Hualiang Li

**EE660: Computer Architecture**

**Spring, 2017**

Assignment No. 3 (Due: May 12, 2017)

Score: /100

*Student: your name, your email Date: April 25, 2017*

**31 (10/100).** Assume that your architecture has a test-and-set instruction as its only atomic primitive.
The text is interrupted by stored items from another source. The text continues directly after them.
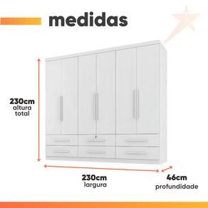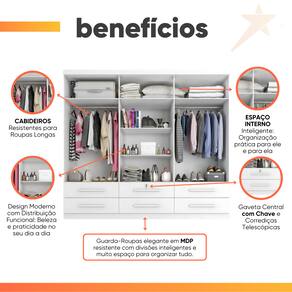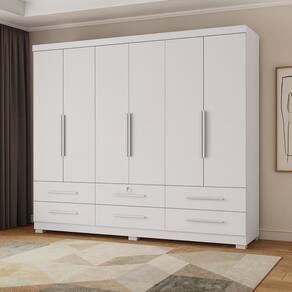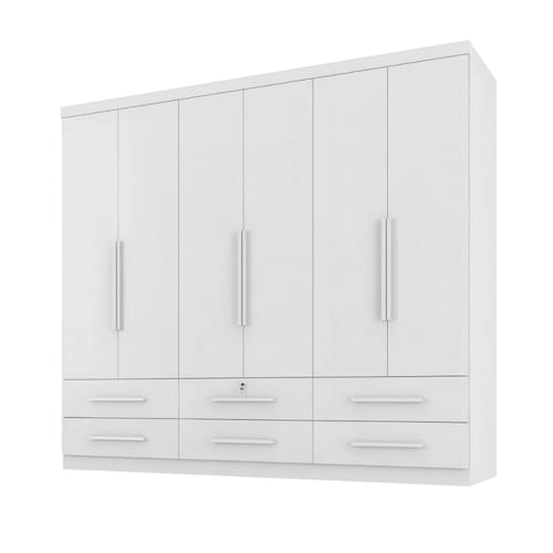 Organize suas roupas e acessórios com estilo e praticidade! O Guarda Roupas Casal Maximus oferece um amplo espaço interno, perfeito para manter tudo em ordem. Com um design moderno trazendo sofisticação ao ambiente. Conta ainda com 6 gavetas espaçosas com corrediças telescópicas sendo uma delas acompanhada de chave. Produzido com materiais de alta qualidade, este guarda roupas é a escolha ideal para quem busca funcionalidade e beleza em um único produto.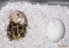 五隻小黃頭,只剩兩顆尚未孵化,其中一顆蛋明顯轉變為透明,應該是未受精,所以只剩最後一顆繼續努力孵了.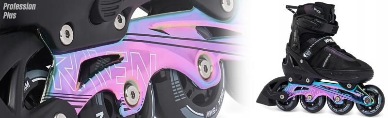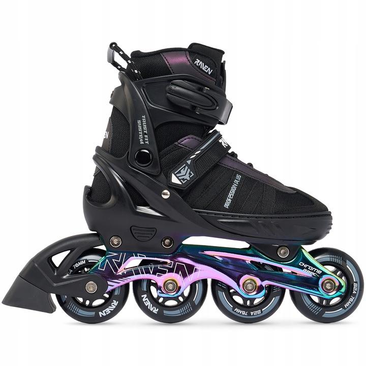 RAVEN Profession PLUS predstavujú spoľahlivé inline korčule, ktoré ľahko prispôsobíte rastúcej nohe dieťaťa. Sú vhodné pre začiatočníkov aj mierne pokročilých korčuliarov vďaka kombinácii pohodlia, pevnej konštrukcie a moderného športového dizajnu v farebnom prevedení Black/Neo Chrome.

Implement atomic compare-and-exchange out of the test-and-set primitive.

int lock = 0; // global lock

int test\_and\_set(int\* lock);

// returns 1 if exchange

// returns 0 otherwise

int compare\_and\_exchange(int\* value, int compare\_value, int swap\_value)

{

int ret = 0;

while(test\_and\_set(&lock){

}

if(compare\_value ==value)

{

\*value = swap\_value;

ret = 1;

}

else {

ret = 0;

}

// release lock

lock = 0;

return ret;

}

**32 (20/100).** [[PH11],](#bookmark0) page 417, 5.8.
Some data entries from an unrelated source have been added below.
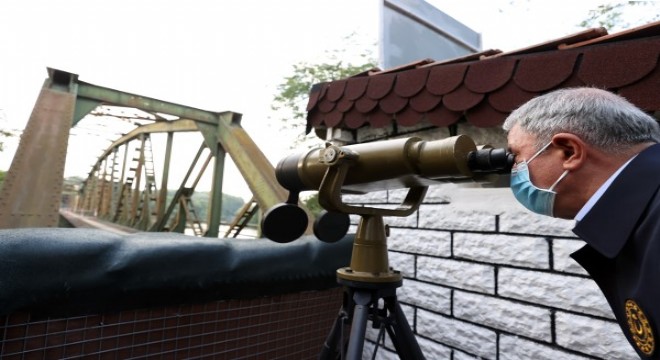 Arda Hudut Bölüğü'nde nöbet tutan Mehmetçikten hudut tekmili alan Bakan Akar, Mehmetçiklerle sohbet ederek dürbünle Yunanistan sınırını inceledi.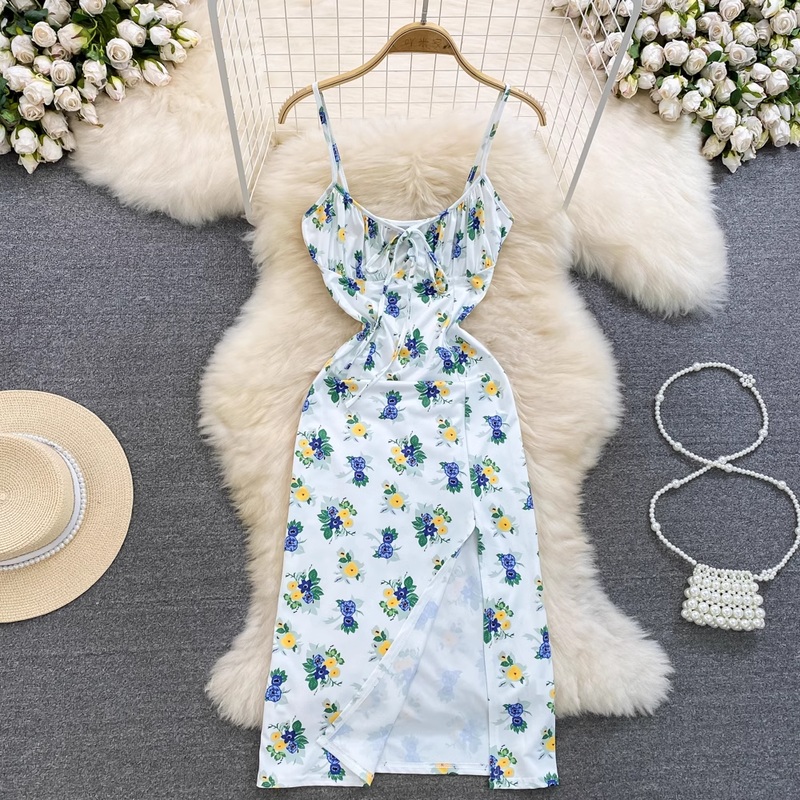 Summer Floral Spaghetti Strap Slit Dress 958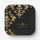 Modern Black Gold Damask Wedding Reception Decor Paper Plate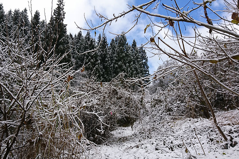 雪の中の間伐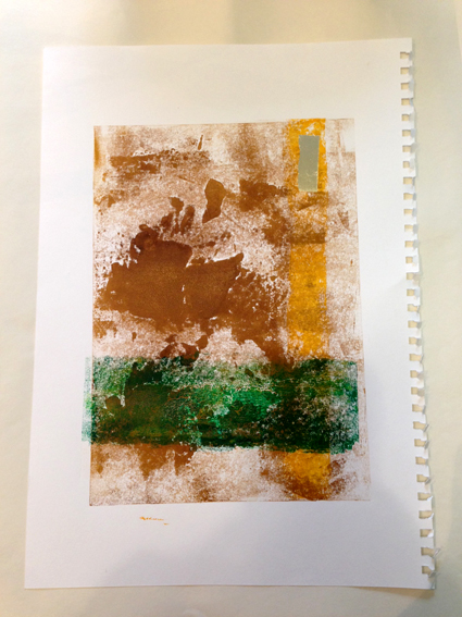 5 Published November 10, 2013 at 425 × 567 in Monoprinting experiments ← Previous Next → Reloaded plate where you can see the colour has really stuck to the extender. With gold leaf.

a. [20] <5.6> P0: write 110 <-- 80: Hit in P0’s cache, no stall cycles for either TSO or SC

P0: read 108 :Hit in P0’s cache, no stall cycles for either TSO or SC

b. [20] <5.6> P0: write 100 <-- 80: Miss, TSO satisfies write in write buffer (0 stall cycles) SC must wait until it receives the data (100 stall cycles)

P0: read 108: Hit, but must wait for preceding operation: TSO = 0, SC = 100

c. [20] <5.6> P0: write 110 <-- 80 : Hit in P0’s cache, no stall cycles for either TSO or SC

P0: write 100 <-- 90 : Miss, TSO satisfies write in write buffer (0 stall cycles) SC must wait until it receives the data (100 stall cycles)
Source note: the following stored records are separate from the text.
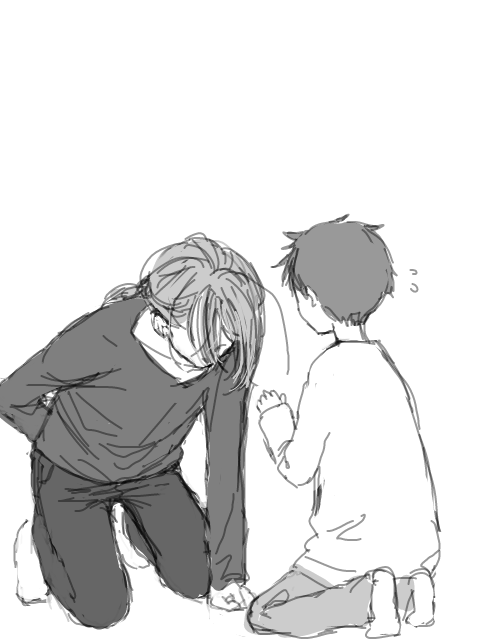 一緒に暮らし始めたときに一所懸命によつくんのお話聞こうと腰をかがめた態勢を頻繁に行い、ついに腰を痛めた先生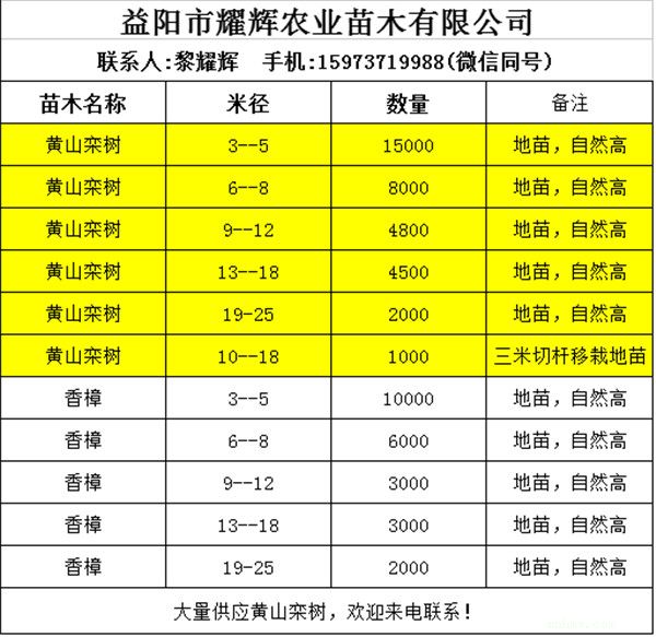 下面由闽南花木网小编介绍下益阳市耀辉农业苗木有限公司近期主要苗木(黄色为主推产品):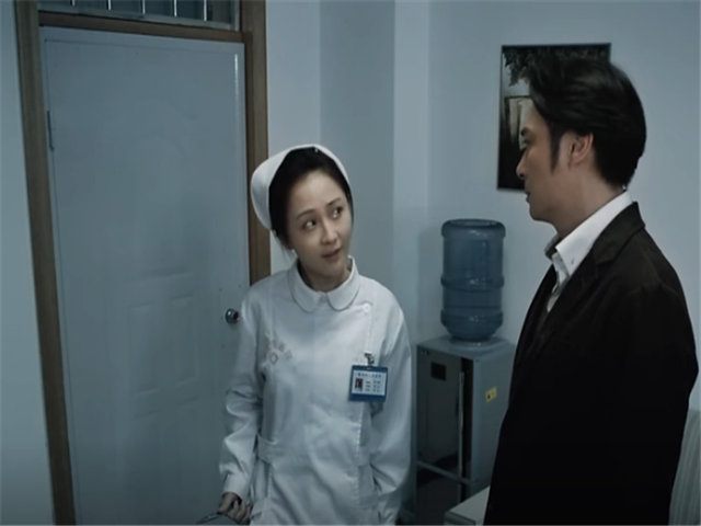 后来,心里过不去这个失恋坎儿的吴护士(姚笛饰)气不过,拿着一把剪子,杵在了麦医生的身后,和麦医生在屋里理论起来。这样做还不解气的吴护士,又在麦医生的宿舍安装了监控摄像头和监听器,监视着麦医生的一举一动。

d. [20] <5.6> P0: write 100 <-- 80 : Miss, TSO satisfies write in write buffer (0 stall cycles) SC must wait until it receives the data (100 stall cycles)

P0: write 110 <-- 90 : Hit, but must wait for preceding operation: TSO = 0, SC = 100

1. **(10/100).** Calculate the bisection bandwidth for a 4-ary 3-cube without end-around, but where each link is 32-bits wide and clocks at 800MHz. Calculate the bisection bandwidth of an 8-node omega network with 64-bit links that clock at 1.2GHz.

For 4-ary 3-cube, 16\*800\*10^6 \* 32 = 4.096 Tbps.

For 8-node omega, 4\*1.2\*10^9\*64 = 307.2Gbps.

1. **(10/100).** How large of a credit counter is needed to provide full bandwidth on a link where the link has one cycle for routing delay, two cycles for link delay, and the return credit takes two cycles? What is the bandwidth as a proportion of the maximum if the credit size is two smaller than the needed number?.

The credit counter has to be 6 large. If the credit size is only 4, the bandwidth would be 4/6 = 2/3 of the peak bandwidth.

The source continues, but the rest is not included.